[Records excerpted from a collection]
= = = = =

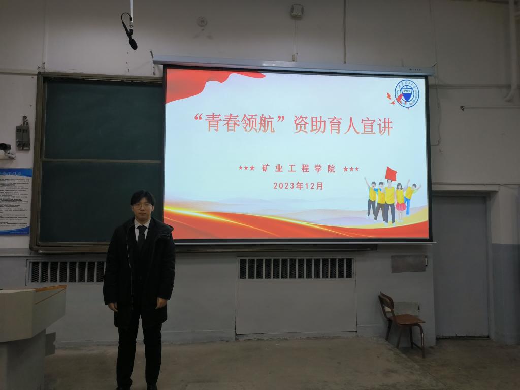 投木报琼,励志发声。为认真贯彻落实国家资助政策,加大学院学生资助育人宣传力度,引导广大获助获奖学生常发声、发好声,深入开展资助育人工作,我院于12月11日晚在虎峪校区梅花教室开展了“青春领航”资助育人主题宣讲活动,设置3个会场,共12名同学宣讲,覆盖400余名同学。本次宣讲分为四个模块:“青春筑梦守初心,砥砺前行绽芳华”国家奖学金获得者经验分享;“砥砺前行,筑梦未来”国家励志奖学金获得者宣讲;“追寻优秀足迹,圆梦矿院精神”往届国奖获得者宣讲;“青春无悔,未来无畏”中国工商银行奖学金获得者交流分享。
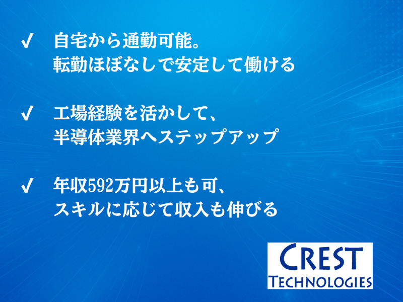 アピールポイント: ・工場経験を活かし最先端の半導体業界にチャレンジ ・国内外出張で技術と経験を積める ・年収592万円以上も目指せる高待遇 ・OJT研修+資格取得支援で長期的なキャリア形成が可能 ・将来的にリーダー・主任へのキャリアアップも可能
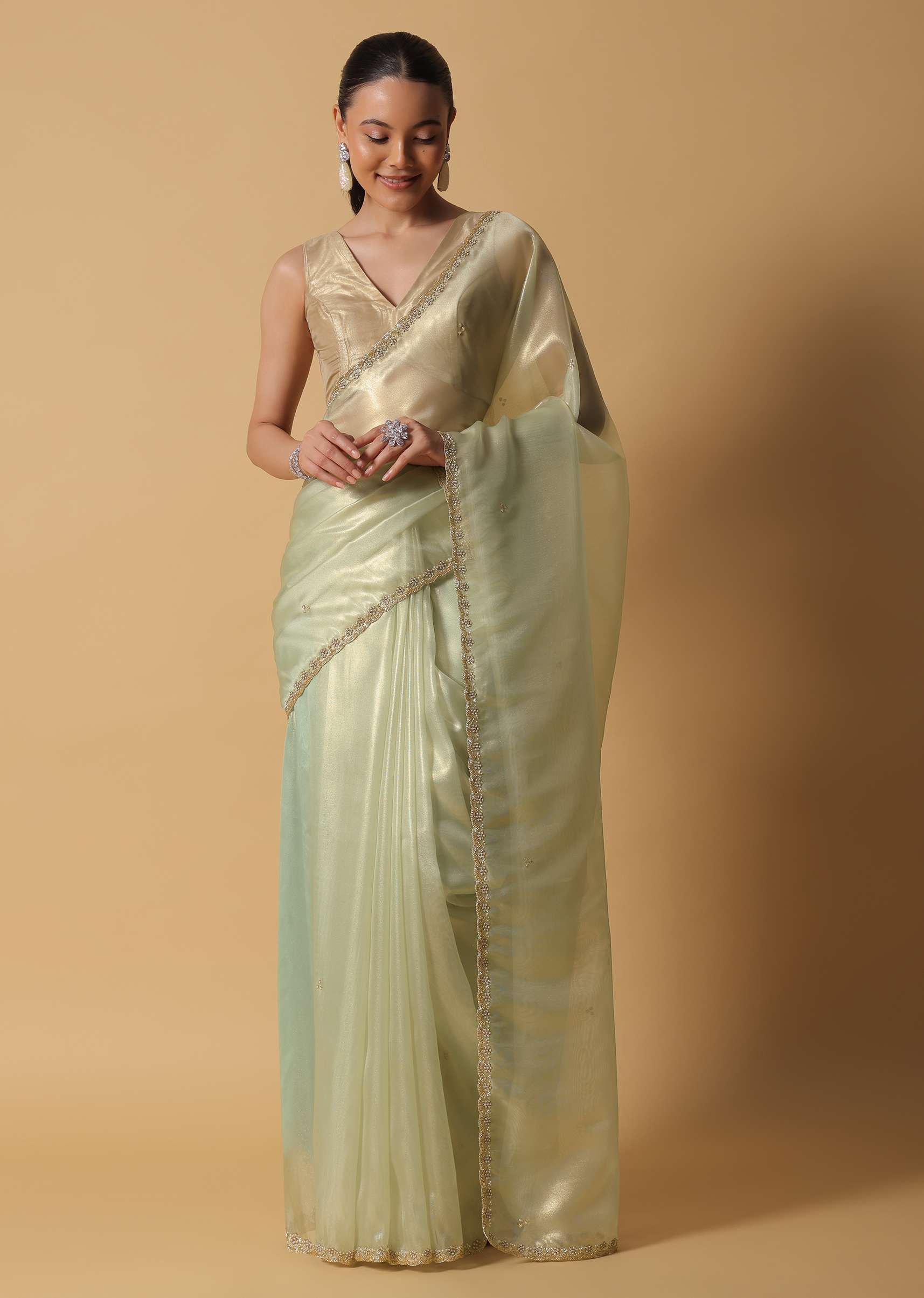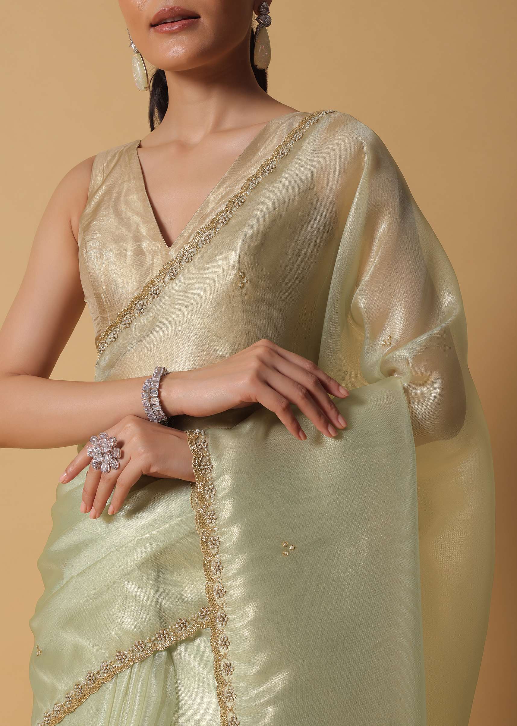 Sea Green Foil Saree In Tissue With Cut Dana Embroidered Borders
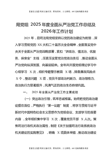 局党组2025年度全面从严治党工作总结及2026年工作计划.docx
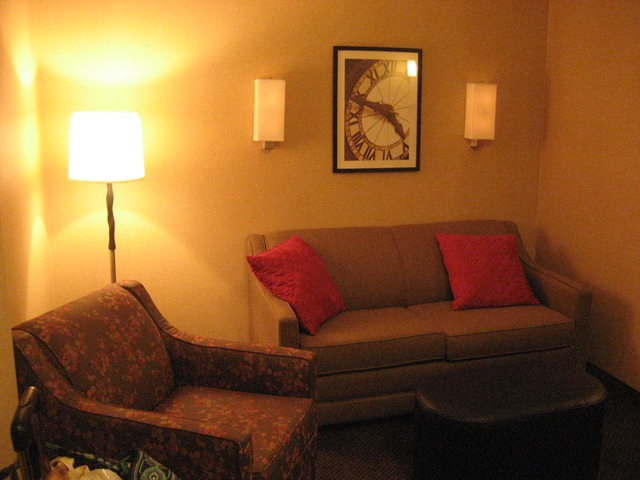 As soon as we walked in, we were impressed. Immediately as you enter the room, there was a decent sized sitting area, with a couch, armchair, and nice flat panel television.
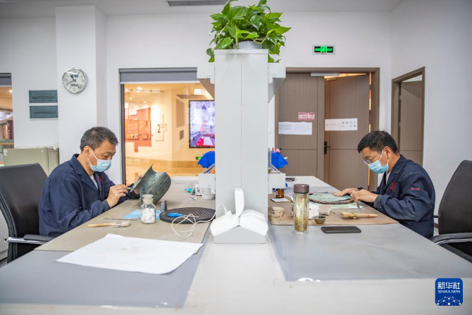 6月9日,在三峽文物科技保護(hù)基地,“文物醫(yī)生”在半開(kāi)放式的文物修復(fù)室內(nèi)修復(fù)青銅器。新華社記者 黃偉 攝
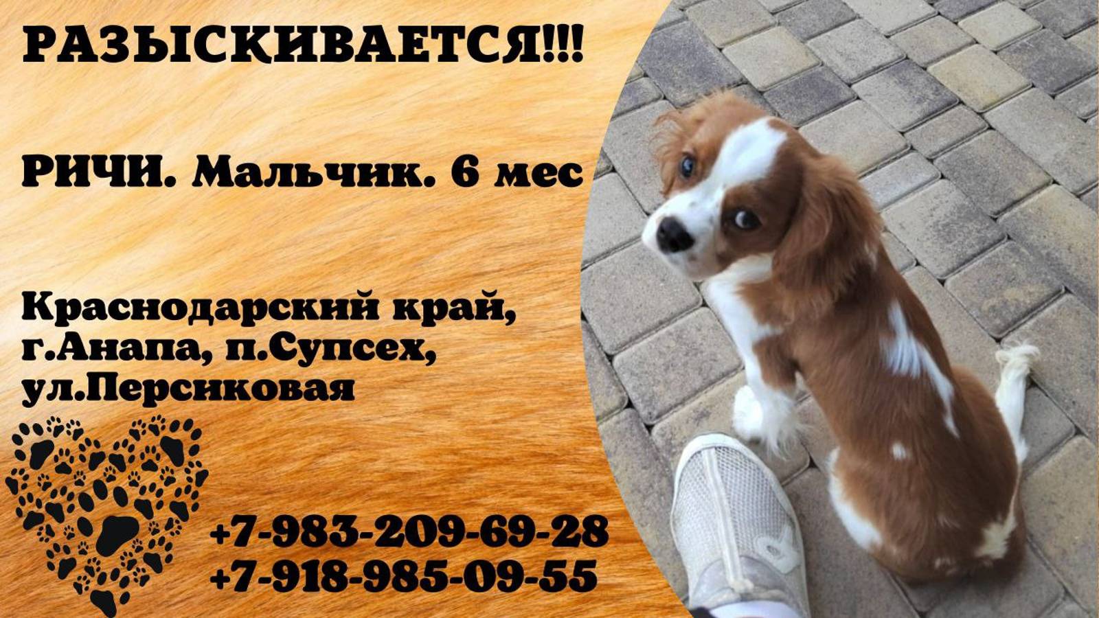 Краснодарский Анапа, п.Су-Псех Пропала собака 25.09 ул.Персиковая. Мальчик Ричи, 6 мес, есть клеймо. Тел. +7 983 209-69-28 Инфо https://vk.com/wall-198815410_154423
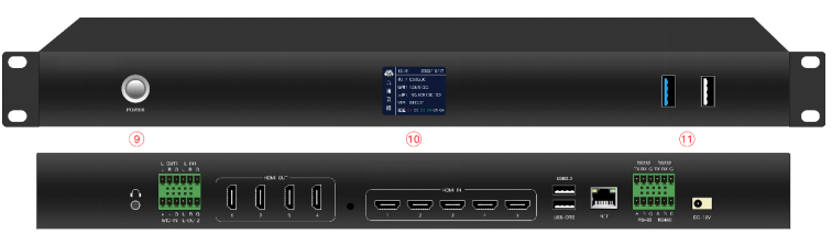11.主机支持通过USB 连接触摸大屏实现大屏触控操作录播主机功能。
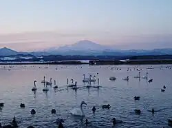 Pond in Nonomura neighborhood of Mamurogawa with Mount Chōkai in the distance
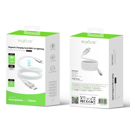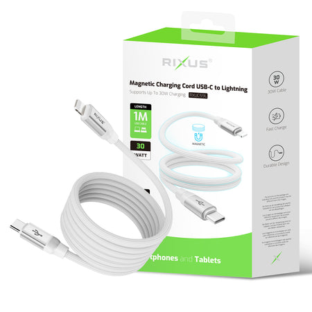 Rixus RXUC59L Magnetic Charging Cord USB-C To Lightning 100CM 30W White
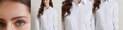 Ladies signature Oxford long sleeve Easycare blouse with wrinkle free finish for a smart and professional appearance. Soft collar styling. Rounded bottom hem. Fitted styling with bust and back darts. Pearlised buttons on light blue and white shirt, self c
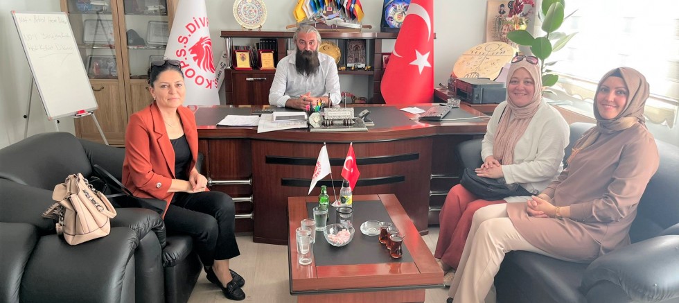 İlçemizde geçen sene kurulan Sınırlı Sorumlu Divriği Mahir Eller Kadın Girişimi Üretimi ve İşletme Kooperatifi Yönetim Kurulu üyeleri Münevver Yılmaz, Lütfiye Arslanburç ve Gülcan Özcan yine ilçemizde uzun yıllardır faaliyet gösteren Sınırlı Sorumlu Motorlu Taşıyıcılar Kooperatifi Başkanı Devrim Yıldırım'ı makamında ziyaret ettiler.
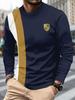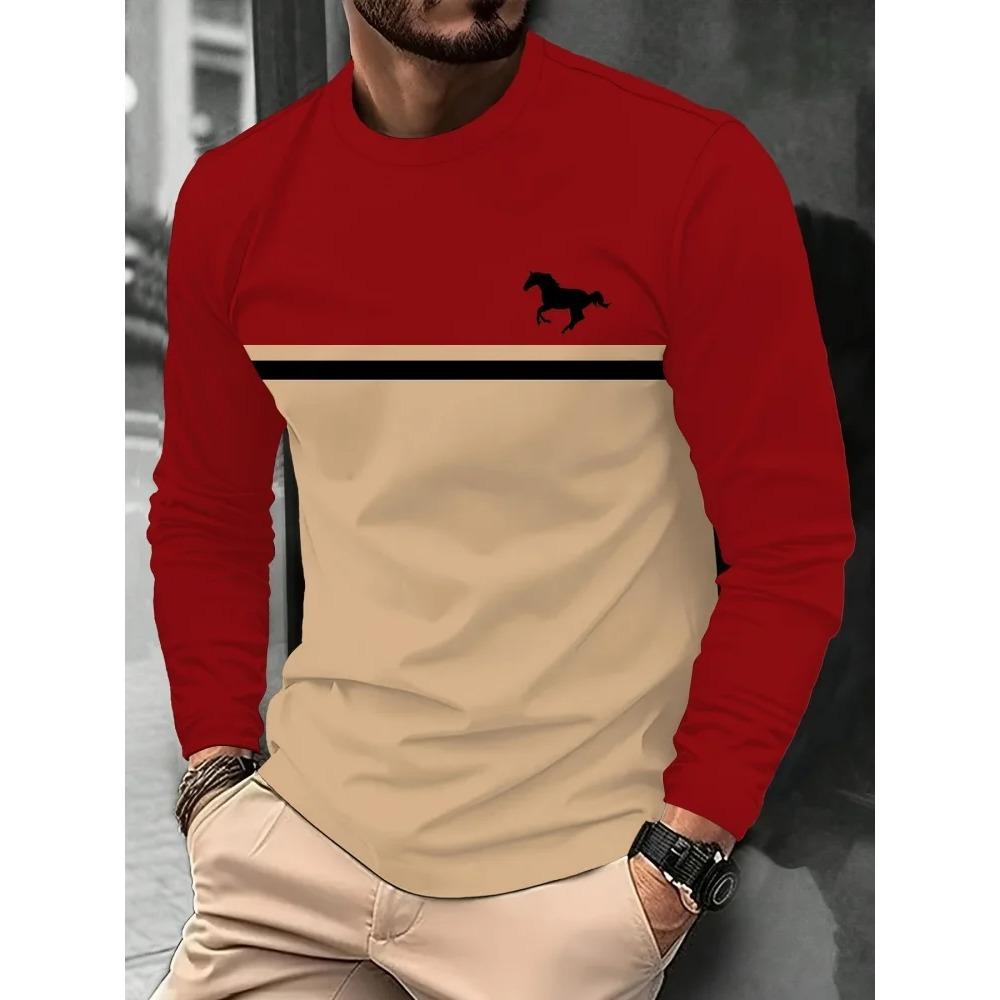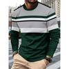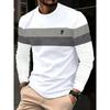 Men's Casual Long-sleeved Striped Eagle Emblem Breathable Round Neck Fashionable Comfortable Soft Breathable Minimalist Daily T-shirt

= = = = =

TO DO
Leave out every picture, and write out exactly the lines from the one with "Pond in Nonomura" through the end of the records above, both ends included.

ANSWER BOX
 Pond in Nonomura neighborhood of Mamurogawa with Mount Chōkai in the distance
 Rixus RXUC59L Magnetic Charging Cord USB-C To Lightning 100CM 30W White
 Ladies signature Oxford long sleeve Easycare blouse with wrinkle free finish for a smart and professional appearance. Soft collar styling. Rounded bottom hem. Fitted styling with bust and back darts. Pearlised buttons on light blue and white shirt, self c
 İlçemizde geçen sene kurulan Sınırlı Sorumlu Divriği Mahir Eller Kadın Girişimi Üretimi ve İşletme Kooperatifi Yönetim Kurulu üyeleri Münevver Yılmaz, Lütfiye Arslanburç ve Gülcan Özcan yine ilçemizde uzun yıllardır faaliyet gösteren Sınırlı Sorumlu Motorlu Taşıyıcılar Kooperatifi Başkanı Devrim Yıldırım'ı makamında ziyaret ettiler.
 Men's Casual Long-sleeved Striped Eagle Emblem Breathable Round Neck Fashionable Comfortable Soft Breathable Minimalist Daily T-shirt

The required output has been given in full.